* PROVIDED INFORMATION:
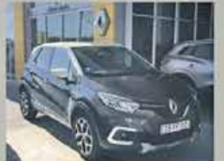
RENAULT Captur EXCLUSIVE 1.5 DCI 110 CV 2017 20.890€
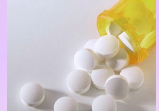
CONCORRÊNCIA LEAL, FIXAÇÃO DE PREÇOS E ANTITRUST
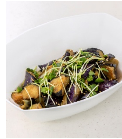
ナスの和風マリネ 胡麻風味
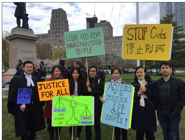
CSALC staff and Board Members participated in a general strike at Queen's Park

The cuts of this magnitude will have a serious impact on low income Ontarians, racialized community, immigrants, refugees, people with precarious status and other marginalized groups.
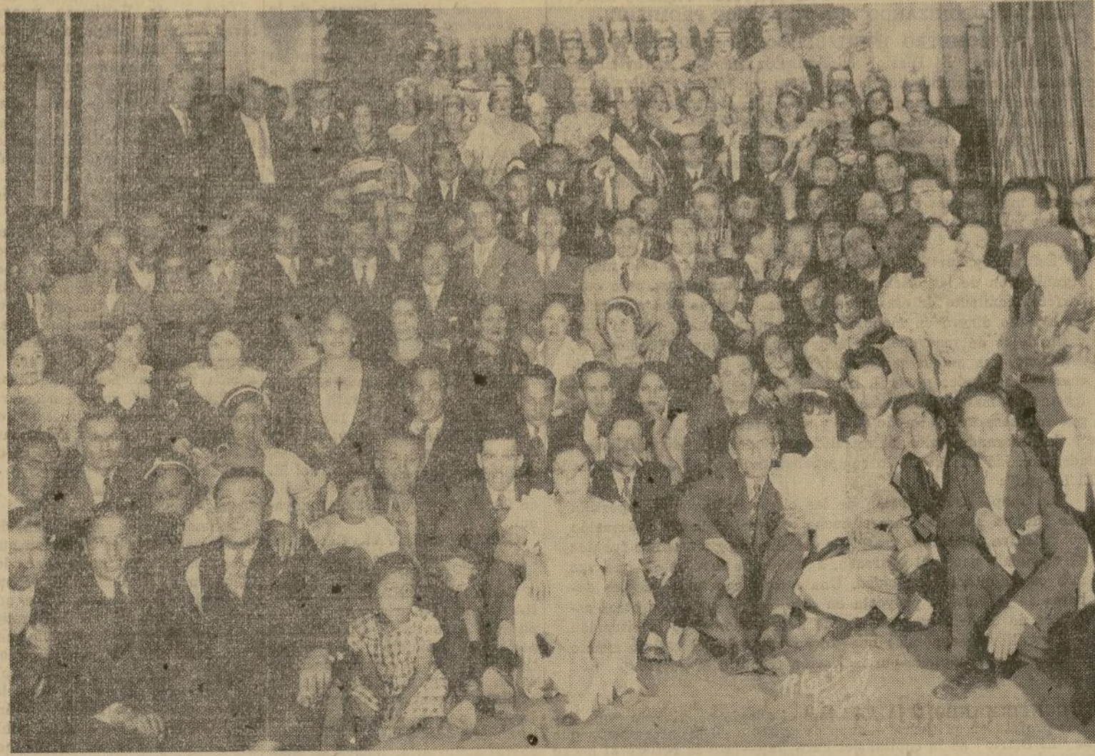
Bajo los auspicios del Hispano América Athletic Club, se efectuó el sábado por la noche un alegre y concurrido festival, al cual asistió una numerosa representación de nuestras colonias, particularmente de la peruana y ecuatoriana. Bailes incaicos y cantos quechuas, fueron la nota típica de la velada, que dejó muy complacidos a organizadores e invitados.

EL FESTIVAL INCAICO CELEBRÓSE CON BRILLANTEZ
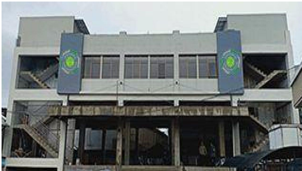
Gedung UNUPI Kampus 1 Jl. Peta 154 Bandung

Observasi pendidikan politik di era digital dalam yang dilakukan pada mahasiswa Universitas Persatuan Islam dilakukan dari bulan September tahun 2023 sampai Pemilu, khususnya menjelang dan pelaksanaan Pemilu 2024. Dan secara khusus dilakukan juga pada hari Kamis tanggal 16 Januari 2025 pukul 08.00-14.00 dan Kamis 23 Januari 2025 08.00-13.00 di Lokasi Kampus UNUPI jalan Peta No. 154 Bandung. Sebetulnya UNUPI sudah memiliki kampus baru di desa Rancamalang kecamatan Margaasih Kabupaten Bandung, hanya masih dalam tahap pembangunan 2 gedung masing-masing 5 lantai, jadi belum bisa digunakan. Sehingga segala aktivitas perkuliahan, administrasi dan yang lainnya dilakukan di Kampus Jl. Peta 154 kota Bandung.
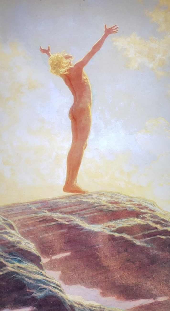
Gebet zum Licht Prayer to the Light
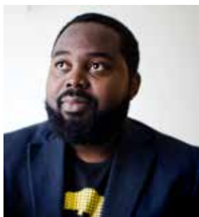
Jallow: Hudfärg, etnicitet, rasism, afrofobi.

...

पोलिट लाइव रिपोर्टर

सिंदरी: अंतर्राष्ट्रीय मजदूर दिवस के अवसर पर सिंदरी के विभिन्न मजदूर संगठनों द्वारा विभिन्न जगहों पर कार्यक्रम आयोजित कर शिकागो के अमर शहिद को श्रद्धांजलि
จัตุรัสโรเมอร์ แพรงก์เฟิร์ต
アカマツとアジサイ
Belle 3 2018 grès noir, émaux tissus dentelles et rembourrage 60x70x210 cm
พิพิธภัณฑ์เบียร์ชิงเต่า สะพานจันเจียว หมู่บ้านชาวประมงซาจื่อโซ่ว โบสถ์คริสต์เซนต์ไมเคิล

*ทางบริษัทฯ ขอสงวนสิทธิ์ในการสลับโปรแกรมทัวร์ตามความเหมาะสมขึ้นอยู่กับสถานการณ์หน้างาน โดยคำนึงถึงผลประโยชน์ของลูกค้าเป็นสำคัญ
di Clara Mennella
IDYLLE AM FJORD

...

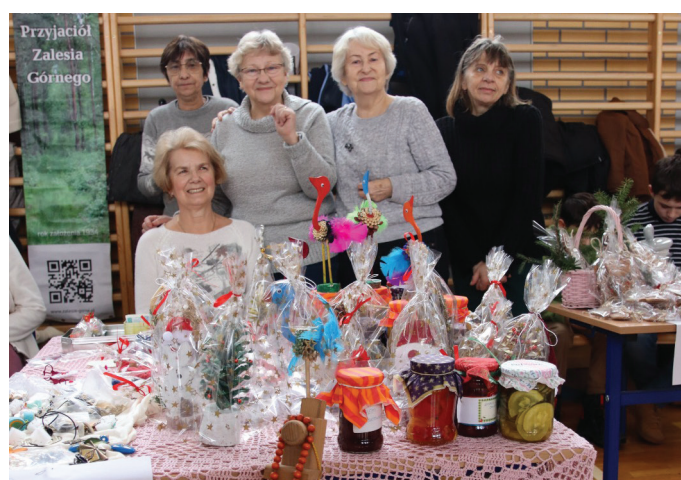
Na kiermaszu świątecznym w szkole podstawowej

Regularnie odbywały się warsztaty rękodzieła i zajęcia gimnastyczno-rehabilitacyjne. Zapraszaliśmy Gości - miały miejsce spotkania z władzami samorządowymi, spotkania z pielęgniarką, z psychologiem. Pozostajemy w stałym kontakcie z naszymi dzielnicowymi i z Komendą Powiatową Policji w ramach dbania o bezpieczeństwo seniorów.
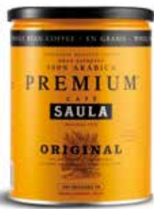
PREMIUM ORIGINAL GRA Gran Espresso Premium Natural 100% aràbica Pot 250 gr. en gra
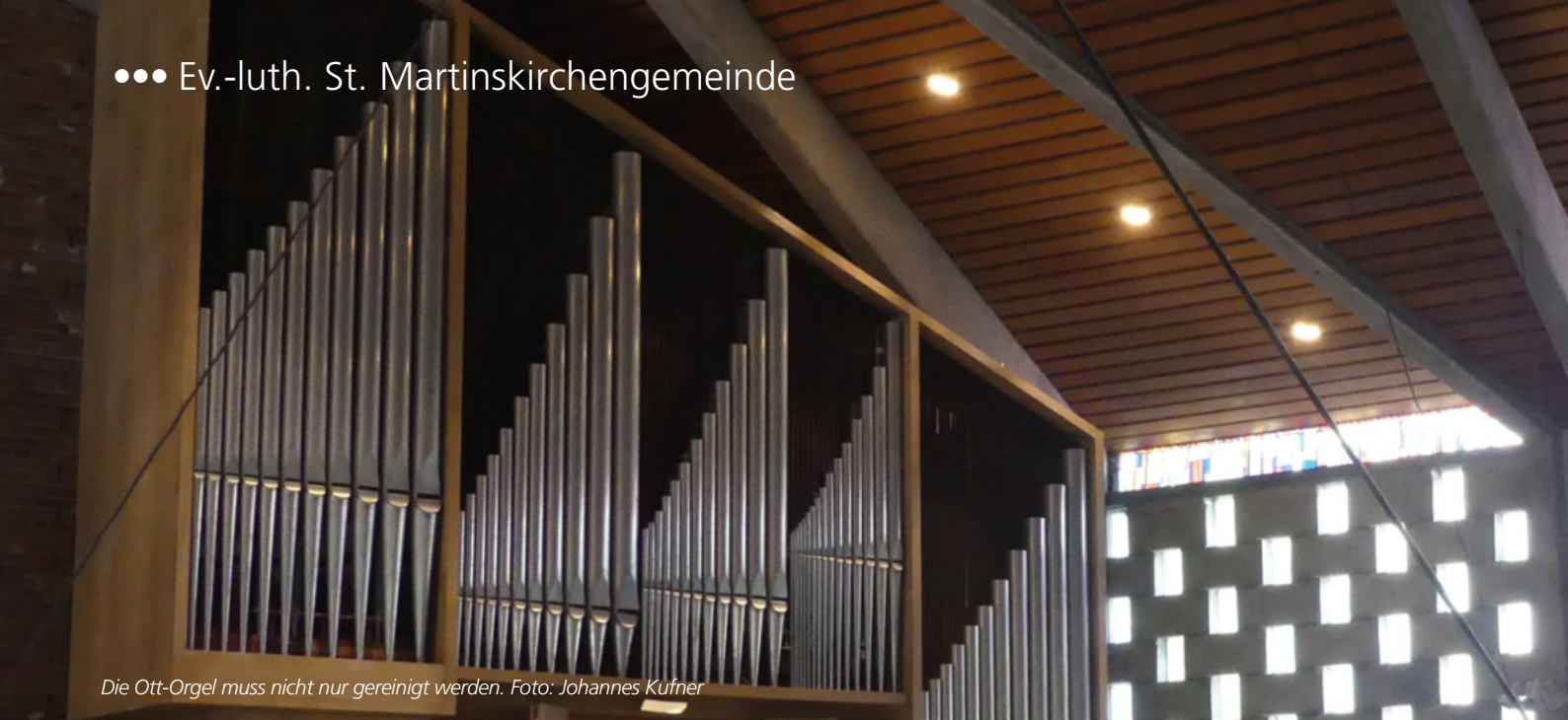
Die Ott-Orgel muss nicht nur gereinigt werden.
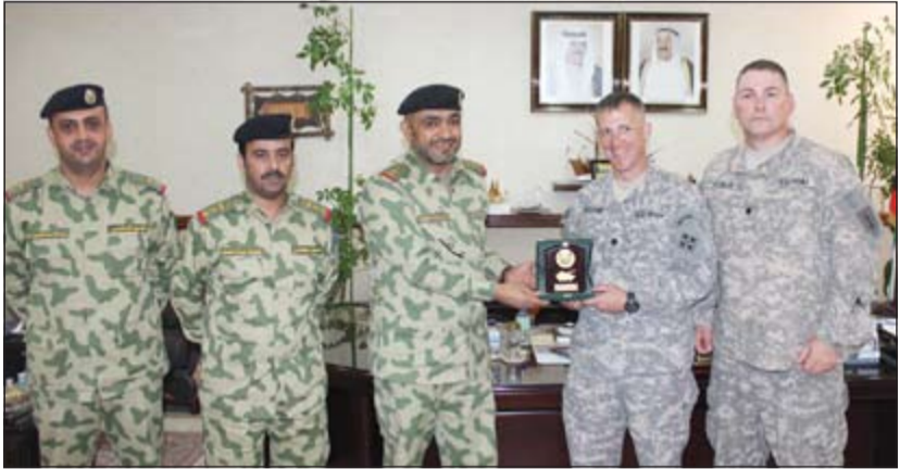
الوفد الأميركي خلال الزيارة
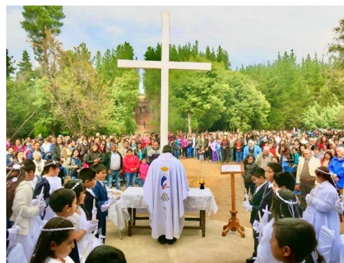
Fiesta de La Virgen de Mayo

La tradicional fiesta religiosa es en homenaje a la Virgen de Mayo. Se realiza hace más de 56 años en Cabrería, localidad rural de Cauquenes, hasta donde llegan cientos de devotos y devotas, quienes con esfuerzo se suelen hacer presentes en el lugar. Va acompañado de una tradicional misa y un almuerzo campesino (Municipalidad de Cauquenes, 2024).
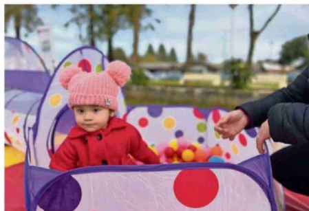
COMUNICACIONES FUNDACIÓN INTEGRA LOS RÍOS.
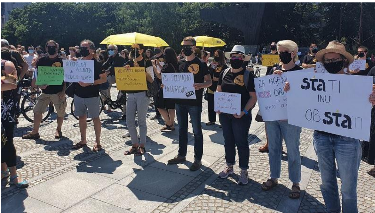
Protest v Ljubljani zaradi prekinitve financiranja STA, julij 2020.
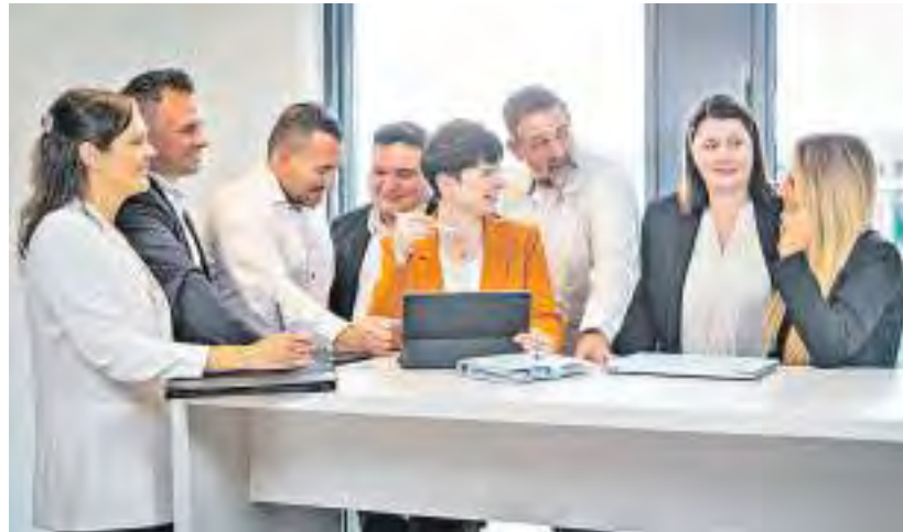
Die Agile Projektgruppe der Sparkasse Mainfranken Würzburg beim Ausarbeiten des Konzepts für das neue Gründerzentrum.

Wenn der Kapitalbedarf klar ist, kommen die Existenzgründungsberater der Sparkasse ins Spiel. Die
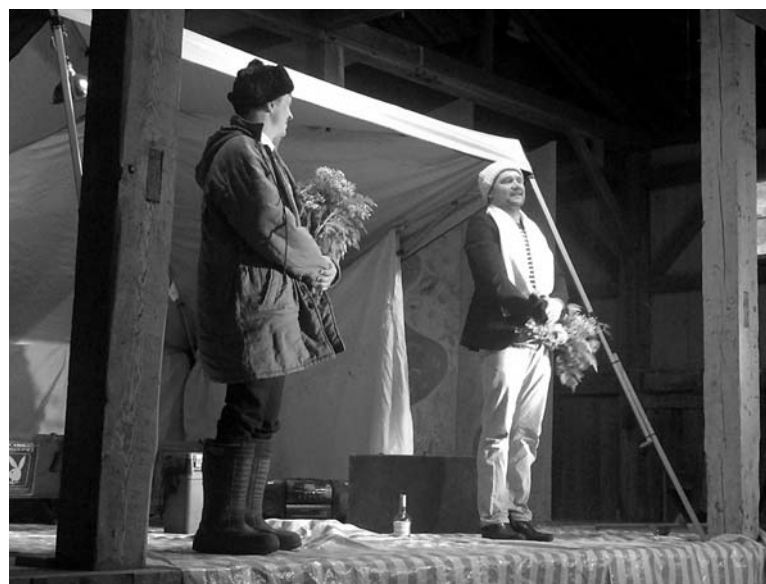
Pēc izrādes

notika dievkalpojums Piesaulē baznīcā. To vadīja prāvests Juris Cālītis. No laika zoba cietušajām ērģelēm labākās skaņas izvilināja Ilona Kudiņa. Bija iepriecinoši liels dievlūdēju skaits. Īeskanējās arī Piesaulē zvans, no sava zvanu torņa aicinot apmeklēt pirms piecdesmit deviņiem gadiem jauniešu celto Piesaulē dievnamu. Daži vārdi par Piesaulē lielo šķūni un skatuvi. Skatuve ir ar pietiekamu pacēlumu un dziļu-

* WORK ITEM:
Copy only what runs above from the line containing "EL FESTIVAL INCAICO CELEBRÓSE CON BRILLANTEZ" through the line containing "Jallow: Hudfärg, etnicitet, rasism, afrofobi.", exactly. Leave out the pictures.

* EXPECTED OUTPUT:
EL FESTIVAL INCAICO CELEBRÓSE CON BRILLANTEZ
Gedung UNUPI Kampus 1 Jl. Peta 154 Bandung

Observasi pendidikan politik di era digital dalam yang dilakukan pada mahasiswa Universitas Persatuan Islam dilakukan dari bulan September tahun 2023 sampai Pemilu, khususnya menjelang dan pelaksanaan Pemilu 2024. Dan secara khusus dilakukan juga pada hari Kamis tanggal 16 Januari 2025 pukul 08.00-14.00 dan Kamis 23 Januari 2025 08.00-13.00 di Lokasi Kampus UNUPI jalan Peta No. 154 Bandung. Sebetulnya UNUPI sudah memiliki kampus baru di desa Rancamalang kecamatan Margaasih Kabupaten Bandung, hanya masih dalam tahap pembangunan 2 gedung masing-masing 5 lantai, jadi belum bisa digunakan. Sehingga segala aktivitas perkuliahan, administrasi dan yang lainnya dilakukan di Kampus Jl. Peta 154 kota Bandung.
Gebet zum Licht Prayer to the Light
Jallow: Hudfärg, etnicitet, rasism, afrofobi.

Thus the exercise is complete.